### EXERCISE AIM
Return all of the data exactly, omitting any images.

##### RECORD EXTRACTS

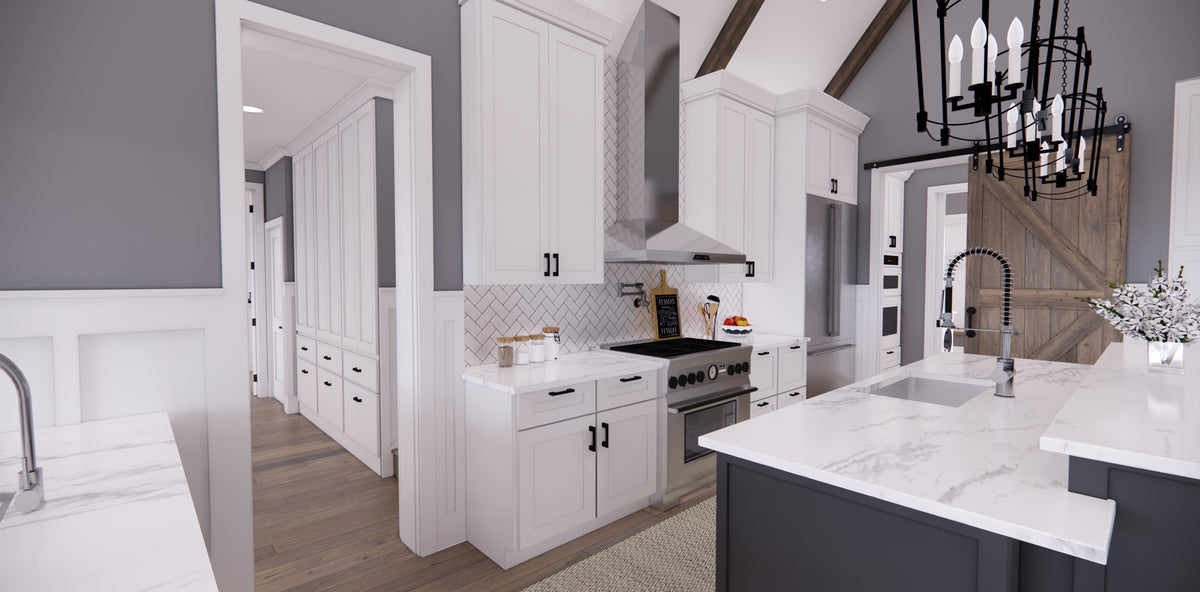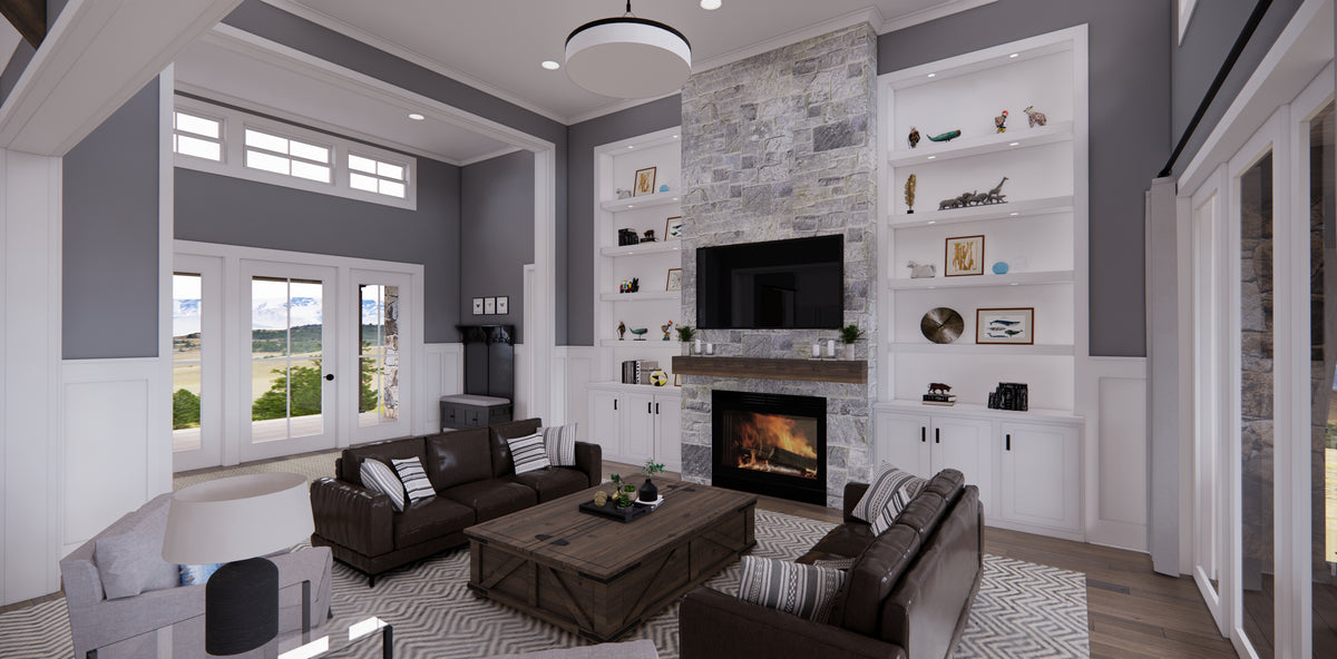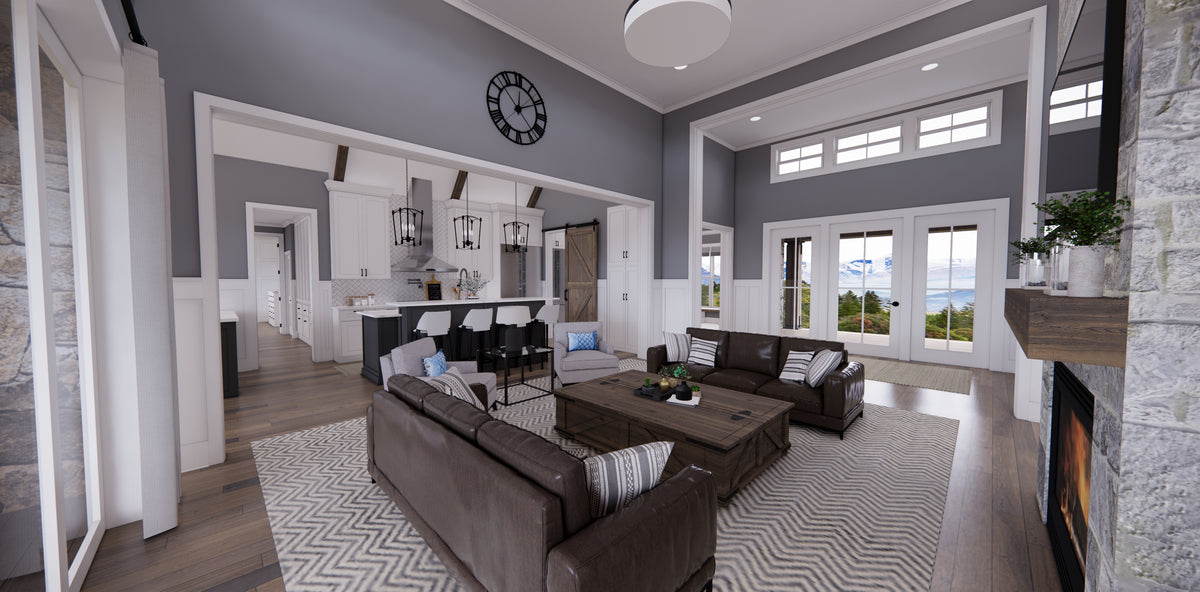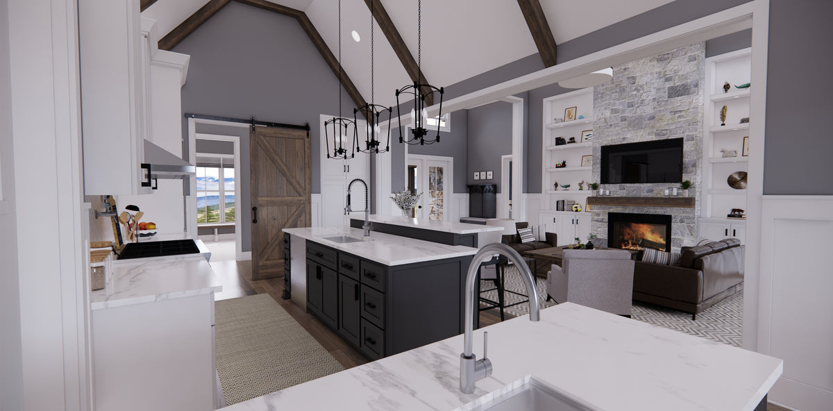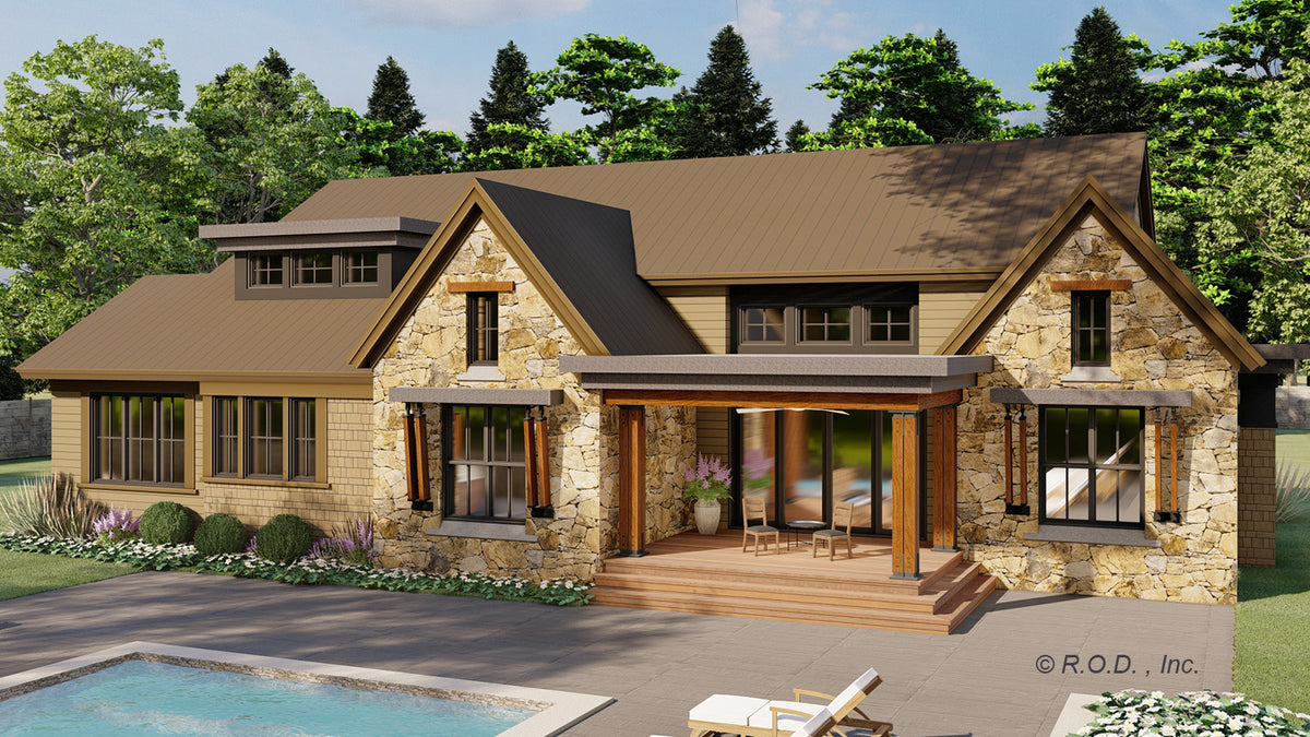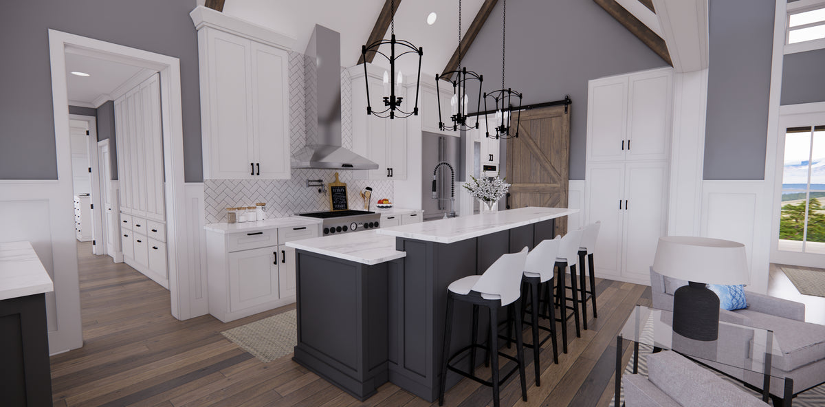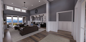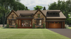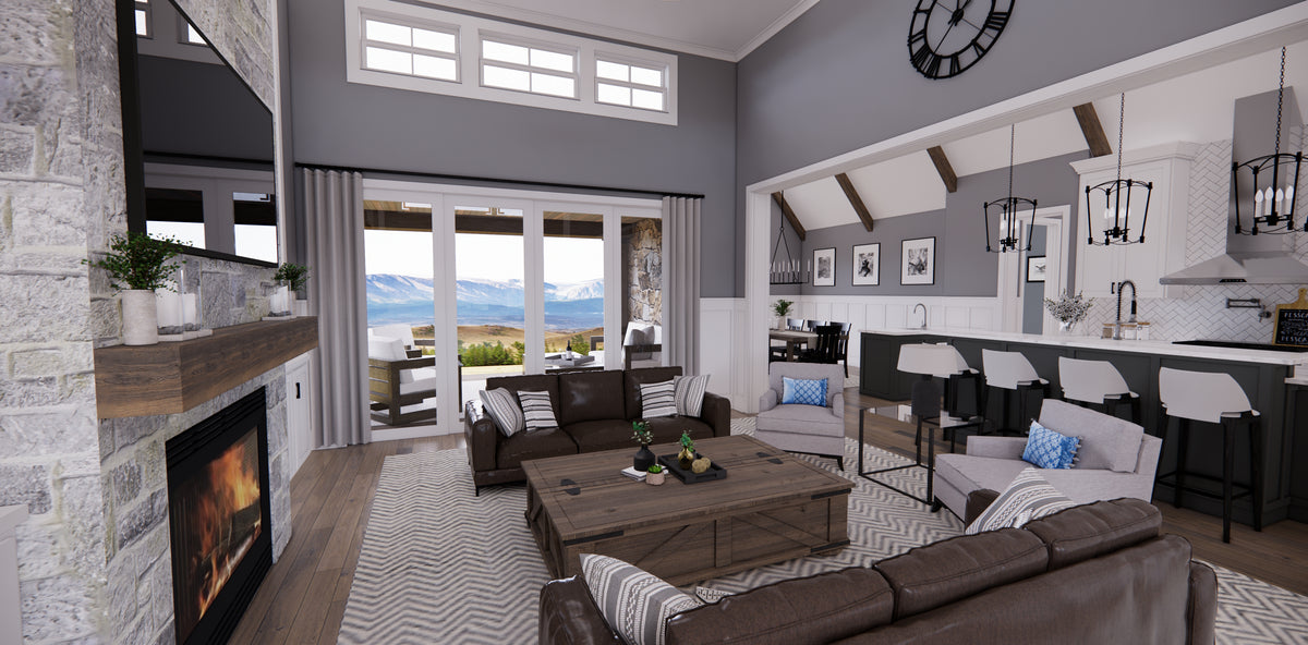 With striking wood and stone accents, this 2,358 sq ft Craftsman home delivers timeless beauty and family-friendly function all in one. Inside, a wide-open layout connects the great room, kitchen, and dining room beneath vaulted ceilings, creating an ideal space for gathering and entertaining. The great room features a cozy fireplace with built-ins and a 12’ folding door opening to the expansive covered rear porch. The kitchen includes a large island with seating for four, a walk-in pantry with sliding barn doors, and a convenient wet bar—perfect for everything from morning coffee to evening cocktails.
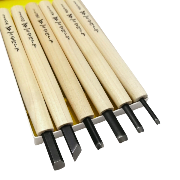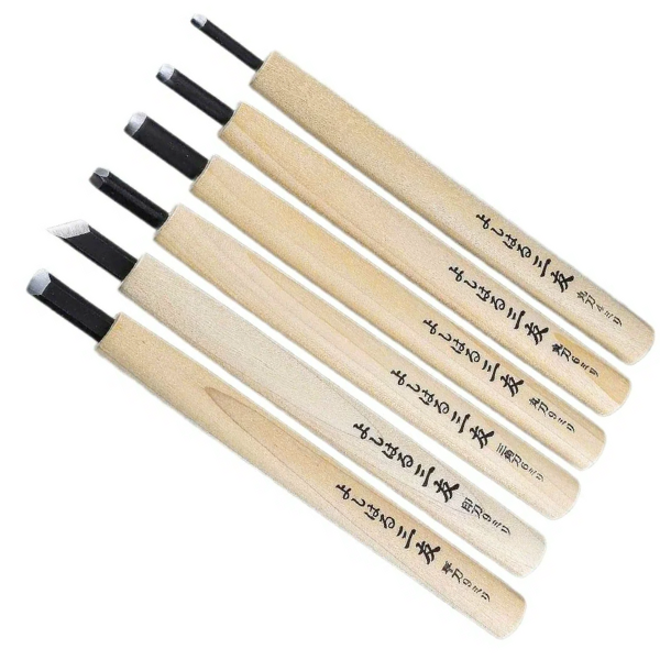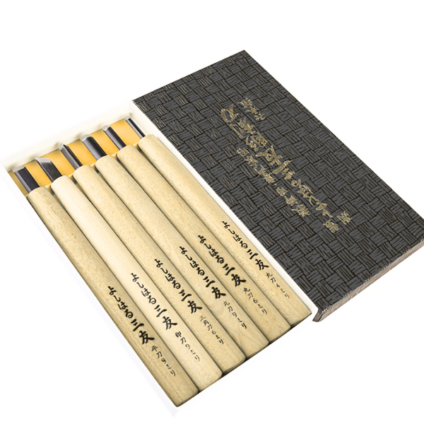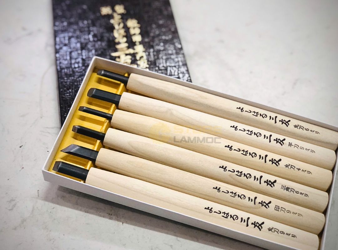 Bộ dao điêu khắc gỗ Yoshiharu gồm 6 chiếc dao đa dạng kiểu dáng, phục vụ tối ưu cho nhiều kỹ thuật chạm trổ gỗ khác nhau. Mỗi con dao có thiết kế riêng biệt phù hợp với từng mục đích sử dụng như đục phẳng rộng, đục vát hay đục nửa tròn.
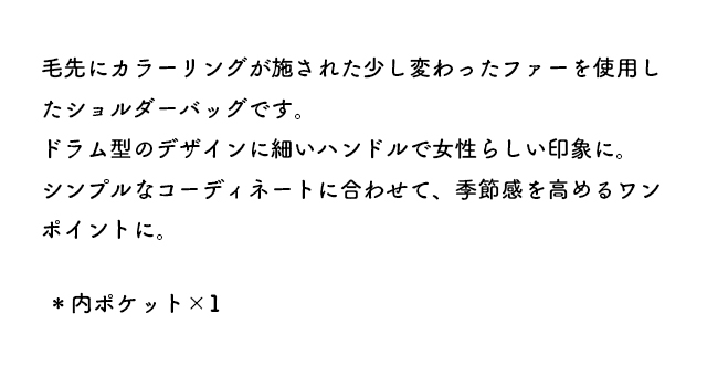 毛先にカラーリングが施された少し変わったファーを使用したショルダーバッグです。
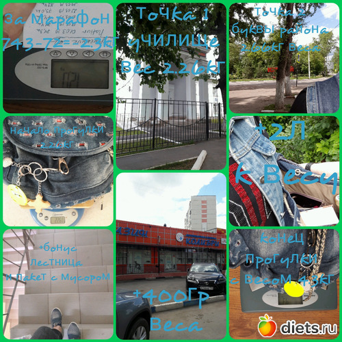 1. Спорт. Гуляю каждый день на работу и обратно с женской сумочкой, в которой чего только нет... весом 3-4 кг, а сбросила за марафон где-то в пределах 4- 5 кг, что очень радует. Будем считать задание выполнено
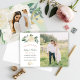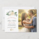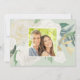 La carte de sauvegarde de mariage comprend deux photos de fiançailles avec un design floral aquarelle "Sauver notre date" avec des fleurs et de la verdure à l'avant et à l'arrière. Les couleurs comprennent un fond vert doux (pouvant être personnalisé) avec un blanc printanier neutre, de la crème, rose blush, or et vert.
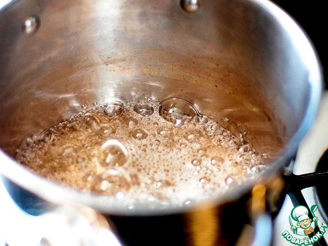 Постепенно выпаривая воду доводим раствор сахара (кто-то называет это "сироп") до золотистого, или слегка коричневого цвета. Слегка. Гореть до черноты или даже получать цвет того же соевого соуса сахару не стоит. Можно всё проделывать с меньшим количеством воды, и без воды, но процесс становится тяжело управляемым. С водой проще.
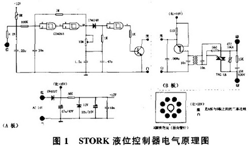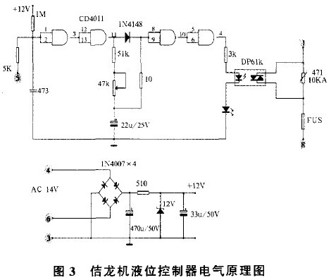 电源采用全波整流方式,经12 V稳压管稳压后提供工作电压。8脚管座3脚单独作为地线。控制部分使用CMOS集成电路CD401i组成检测,延时功能。CD401 1是2输入端4与非门。管脚排列与CD4093相同。电路中将与非门2输入端并联作非门使用。检测和延时部分与STORK相似。不同的有以下几点:
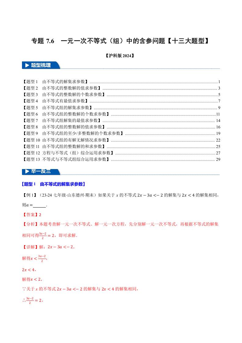 专题7.6 一元一次不等式(组)中的含参问题【十三大题型】(举一反三)(沪科版2024)(解析版)
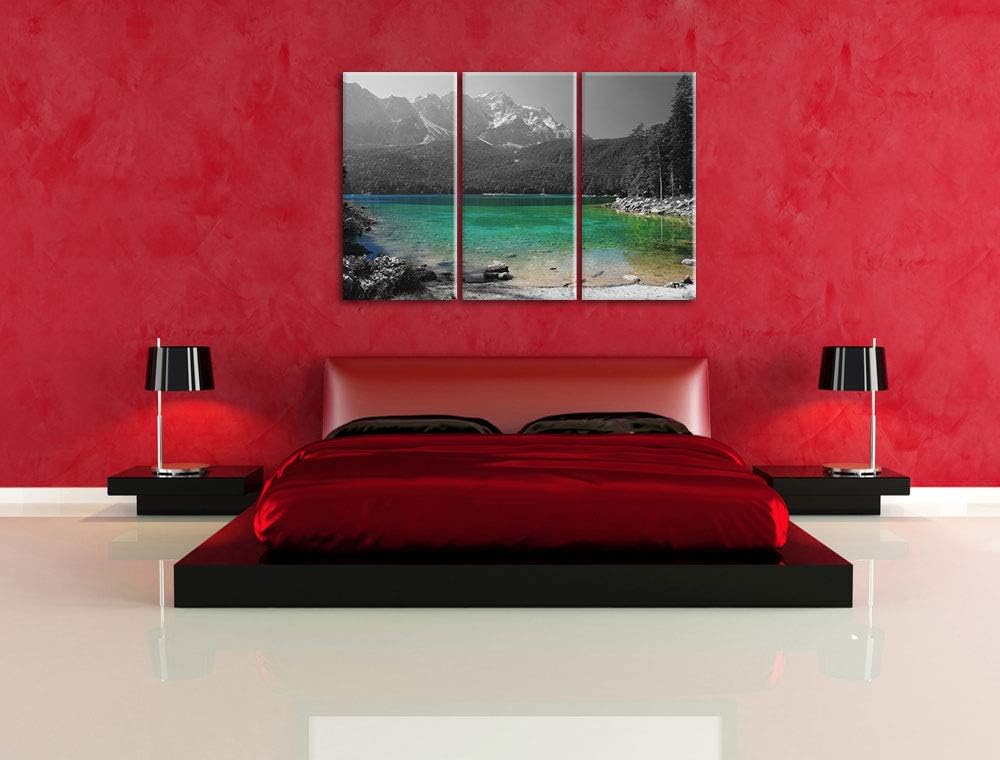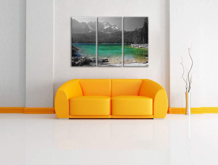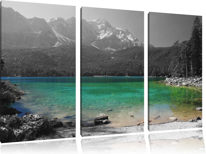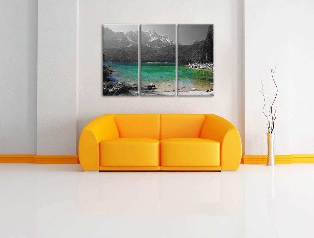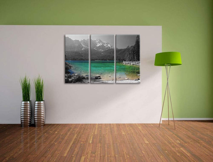 Eibsee vor der Zugspitze schwarz/weiss 3-Teiler Leinwandbild 120x80 Bild auf Leinwand, XXL riesige B

##########

### PROBLEM SOLUTION
 With striking wood and stone accents, this 2,358 sq ft Craftsman home delivers timeless beauty and family-friendly function all in one. Inside, a wide-open layout connects the great room, kitchen, and dining room beneath vaulted ceilings, creating an ideal space for gathering and entertaining. The great room features a cozy fireplace with built-ins and a 12’ folding door opening to the expansive covered rear porch. The kitchen includes a large island with seating for four, a walk-in pantry with sliding barn doors, and a convenient wet bar—perfect for everything from morning coffee to evening cocktails.
 Bộ dao điêu khắc gỗ Yoshiharu gồm 6 chiếc dao đa dạng kiểu dáng, phục vụ tối ưu cho nhiều kỹ thuật chạm trổ gỗ khác nhau. Mỗi con dao có thiết kế riêng biệt phù hợp với từng mục đích sử dụng như đục phẳng rộng, đục vát hay đục nửa tròn.
 毛先にカラーリングが施された少し変わったファーを使用したショルダーバッグです。
 1. Спорт. Гуляю каждый день на работу и обратно с женской сумочкой, в которой чего только нет... весом 3-4 кг, а сбросила за марафон где-то в пределах 4- 5 кг, что очень радует. Будем считать задание выполнено
 La carte de sauvegarde de mariage comprend deux photos de fiançailles avec un design floral aquarelle "Sauver notre date" avec des fleurs et de la verdure à l'avant et à l'arrière. Les couleurs comprennent un fond vert doux (pouvant être personnalisé) avec un blanc printanier neutre, de la crème, rose blush, or et vert.
 Постепенно выпаривая воду доводим раствор сахара (кто-то называет это "сироп") до золотистого, или слегка коричневого цвета. Слегка. Гореть до черноты или даже получать цвет того же соевого соуса сахару не стоит. Можно всё проделывать с меньшим количеством воды, и без воды, но процесс становится тяжело управляемым. С водой проще.
 电源采用全波整流方式,经12 V稳压管稳压后提供工作电压。8脚管座3脚单独作为地线。控制部分使用CMOS集成电路CD401i组成检测,延时功能。CD401 1是2输入端4与非门。管脚排列与CD4093相同。电路中将与非门2输入端并联作非门使用。检测和延时部分与STORK相似。不同的有以下几点:
 专题7.6 一元一次不等式(组)中的含参问题【十三大题型】(举一反三)(沪科版2024)(解析版)
 Eibsee vor der Zugspitze schwarz/weiss 3-Teiler Leinwandbild 120x80 Bild auf Leinwand, XXL riesige B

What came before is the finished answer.